A change agent, or agent of change, is someone who intentionally or indirectly causes or accelerates social, cultural, or behavioral change. Everett Rogers (2003) expounds on this definition with several key points (p. 27). He also identifies “seven roles for the change agent in the process of introducing an innovation in a client system” (p. 369). In the brief analysis that follows, I will identify and reflect upon my role as a change agent (in connection with my position as a Technology Curriculum Specialist), using the roles Rogers’ has identified as a guide.

  1. A change agent often initially helps clients become aware of the need to alter their behavior. Probably the most difficult aspect of my job, I am constantly implementing new techniques to help teachers understand the many benefits of implementing technology throughout their teaching. In fact, this is the very reason I created the Pay Attention motivational presentation.

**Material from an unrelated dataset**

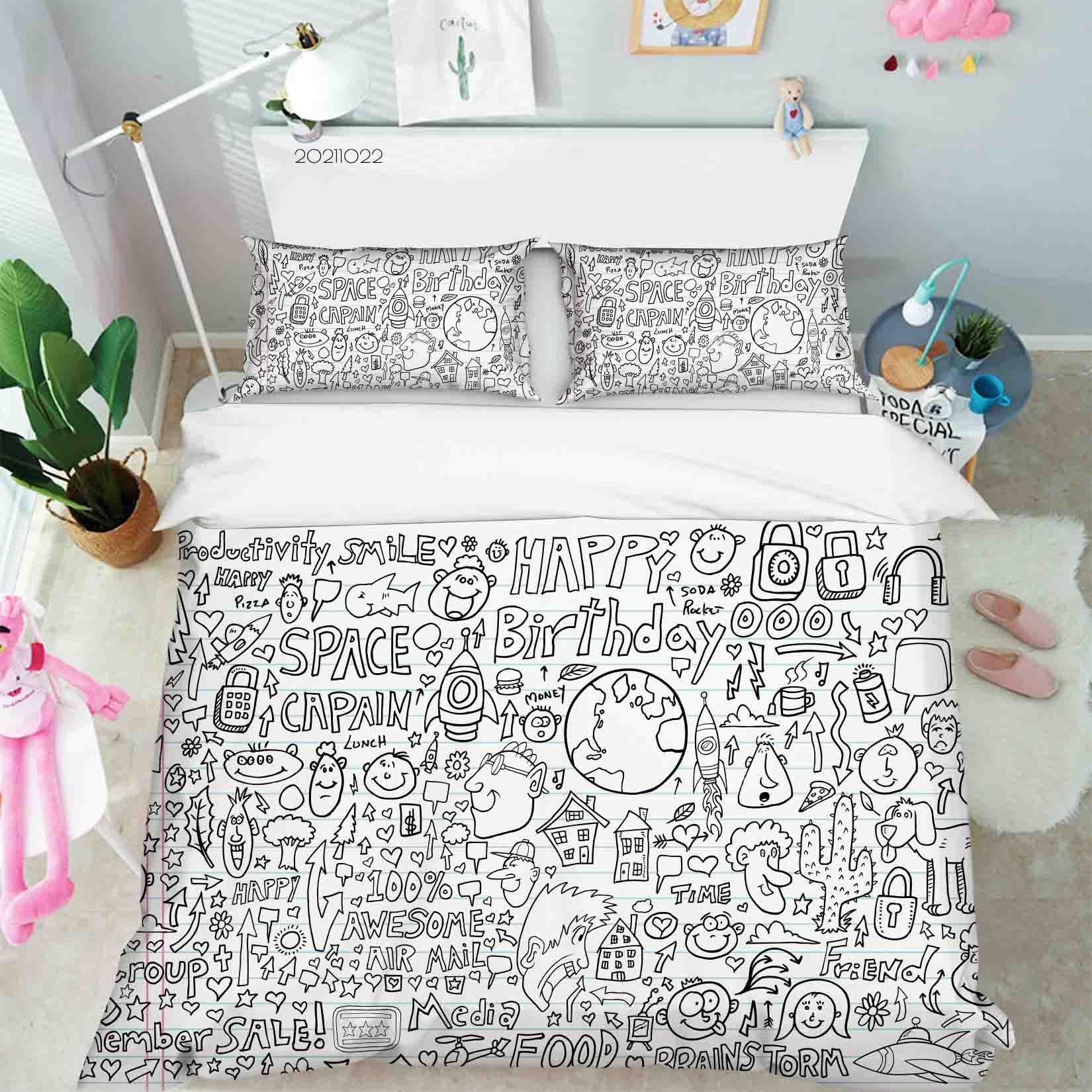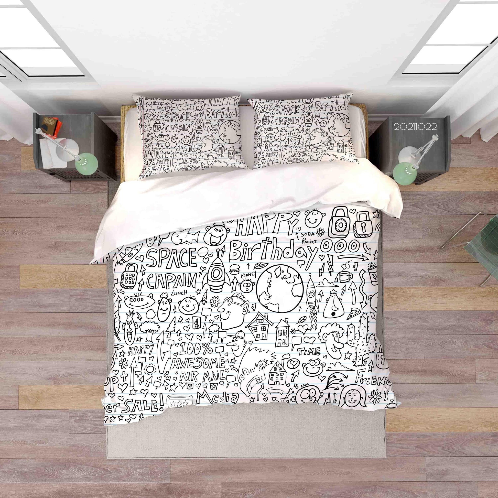 3D Cartoon Illustration Doodle Quilt Cover Set Bedding Set Duvet Cover Pillowcases 70

  2. Once a need for change is created, a change agent must develop rapport with his or her clients. I have found that it is not until a teacher trusts me that I am able to help them use technology. While humor can be a good door opener, I’ve found the most success in gaining “client” confidence by showing teachers that technology is not meant to replace the many great things that they are currently doing with their students. Rather, technology works best as an enhancement to lessons and activities that have already proven to be effective.

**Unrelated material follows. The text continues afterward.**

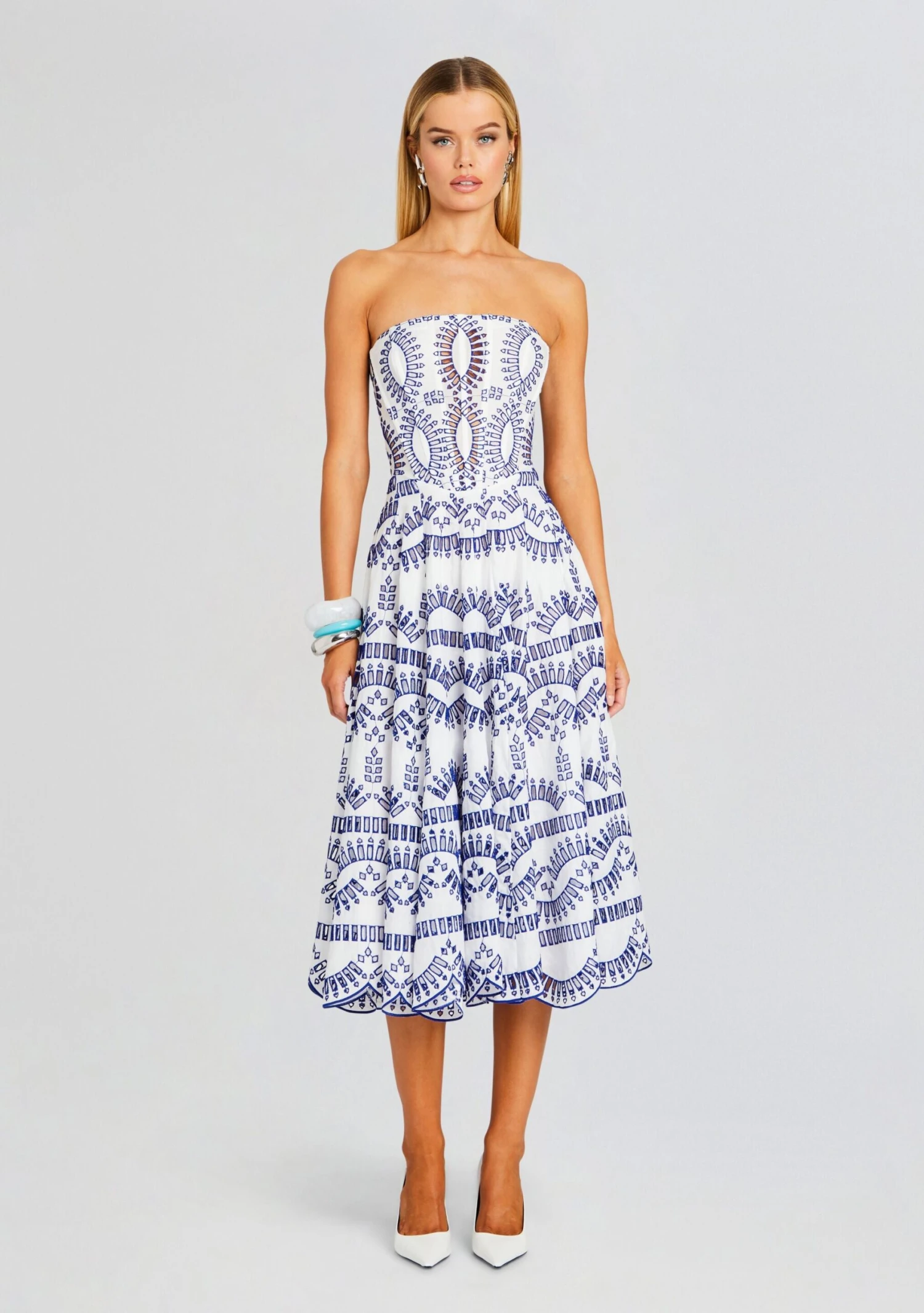 Elevate your vacation wardrobe with Charo Ruiz’s stunning Galik Midi Dress, a captivating ensemble designed to enchant wherever your travels take you. This dress exudes effortless charm with its delightful pattern, intricate cutouts, and alluring scalloped hem, making it an absolute essential for any destination getaway. Shown here in Klein Blue.

  3. The change agent is responsible for analyzing clients’ problems in order to determine why existing alternatives do not meet their needs. In identifying the problems that teachers have in delivering engaging instruction (poor student retention, boredom, etc.), I am able to suggest alternative instructional methods that incorporate technology in exciting and effective ways.
  4. The change agent seeks to motivate their clients’ interests in the innovation. I provide such motivation in the form of follow-up. It has been my experience that professional development without follow-up is a futile effort.

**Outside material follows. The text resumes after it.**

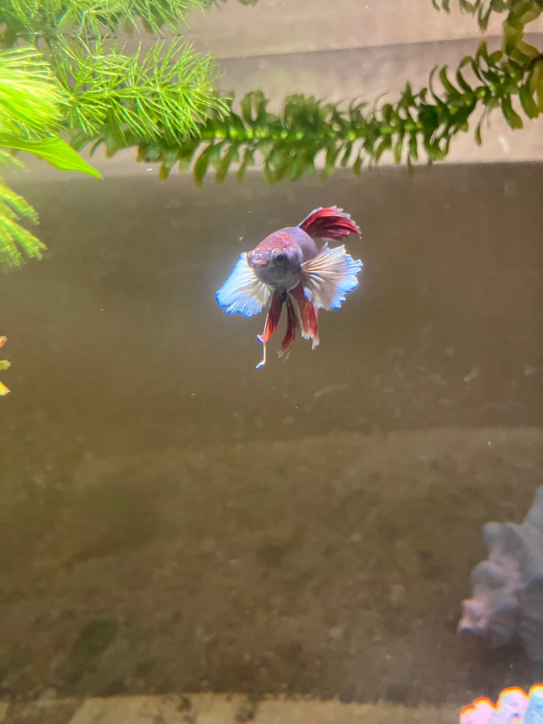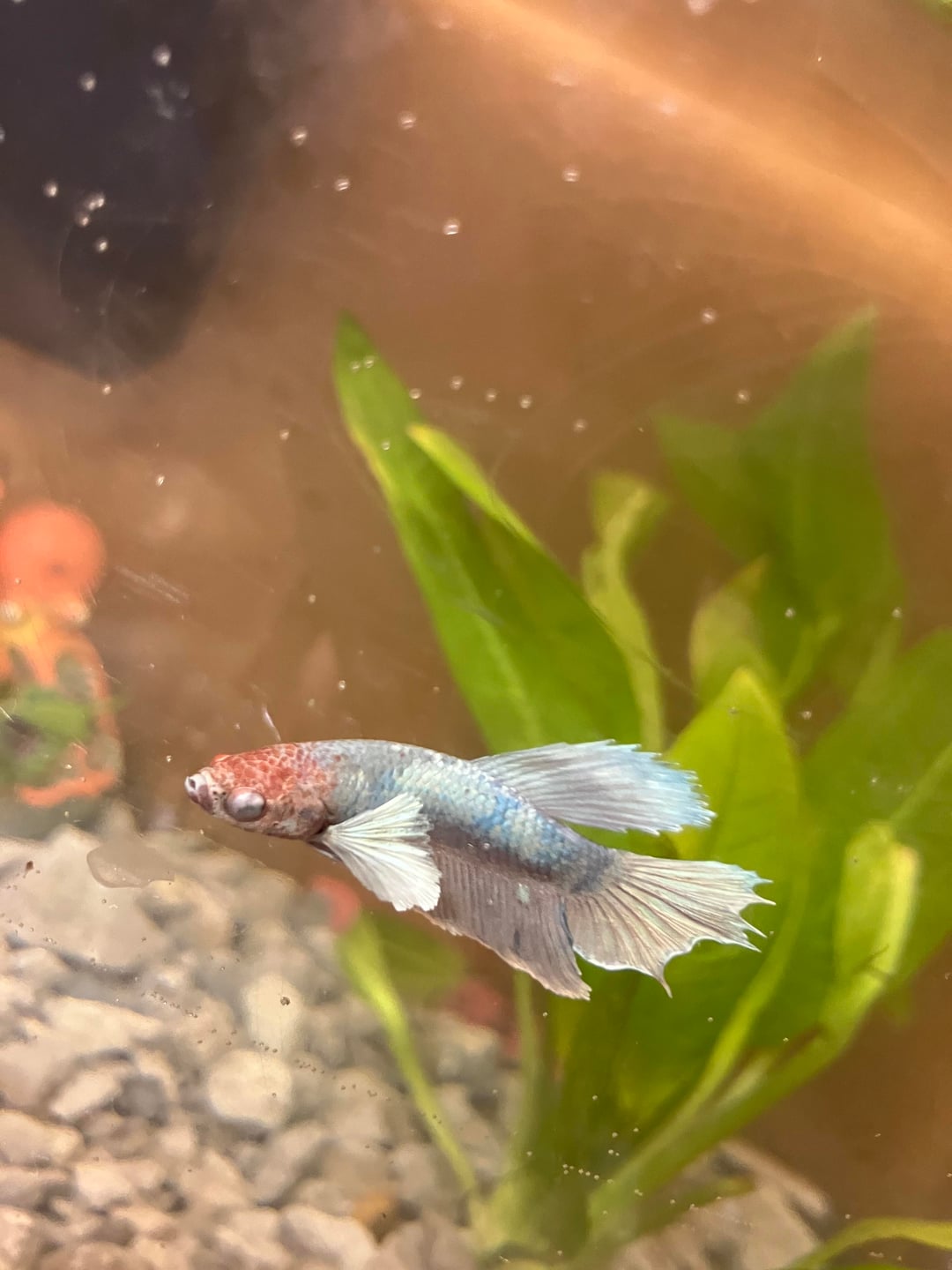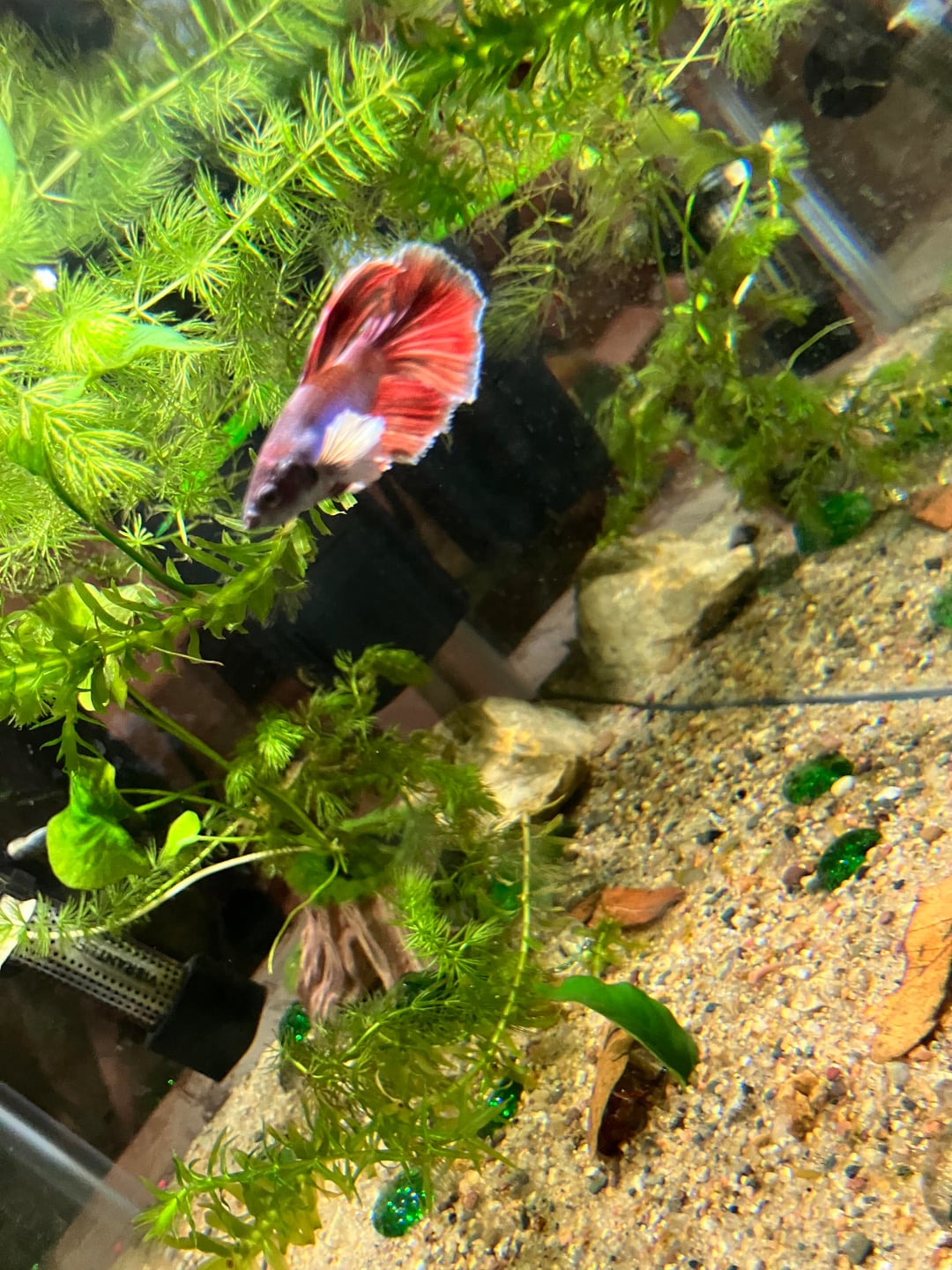 i got a new fish today, wasn’t planning on it but when i saw hed been their so long and seemingly blind in one eye, and chewed off his fins i took him home anyway because i didn’t want him to pass knowing i could’ve helped. i have a spare tank that’s almoast cycled for him, for the time being he’s staying in a 3 gal with his plants and a filter on my desk. i belive he may be a sibling to another betta in bad condition i got about 3 weeks prior, barbosa. barbosa was basically dead when i got him, but he made a (almoast) full recovery and is now one of my sweetest, and social bettas. he stays with my elderly ramshorn snail lilac, mystery snail cosmic, 6 ghost shrimp ( i call them all swimothy and swimone cuz i can’t tell who is who.) and two baby guppies barbie and barbara. the shrimp and guppies were attempts to get him to eat, but he befriended/parented them instead so now they live together. he had the babies since they were 4 hours old and they’re finally developing colour 🥹 i think they might be siblings because they look around the same age, and have been their about the same amount of time, they look just like eachother in the face aswell but i’ll never know. i tested the water he came in, and it was horrendous. first pic is him, other two are barbosa.

  5. A change agent seeks to influence clients’ behavior change in accordance with recommendations based on the clients’ needs. Please see number two above.
  6. Change agents may effectively stabilize new behavior through reinforcing messages to clients who have adopted, thus helping to “freeze” the new behavior. Please see number four above.
  7. The end goal for a change agent is to develop self-renewing behavior on the part of clients. My job is not complete until the teachers with whom I work no longer need me. At that point, they can fully and confidently implement a wide array of technology throughout their curriculum. As technology is never stagnant, this role ensures that I will have job security for many years to come.
In conclusion (and upon reviewing the roles of the change agent as have been identified above), it is evident that my role as a Technology Curriculum Specialist can easily be summarized as that of a change agent. Now if only more teachers were eagerly willing to change.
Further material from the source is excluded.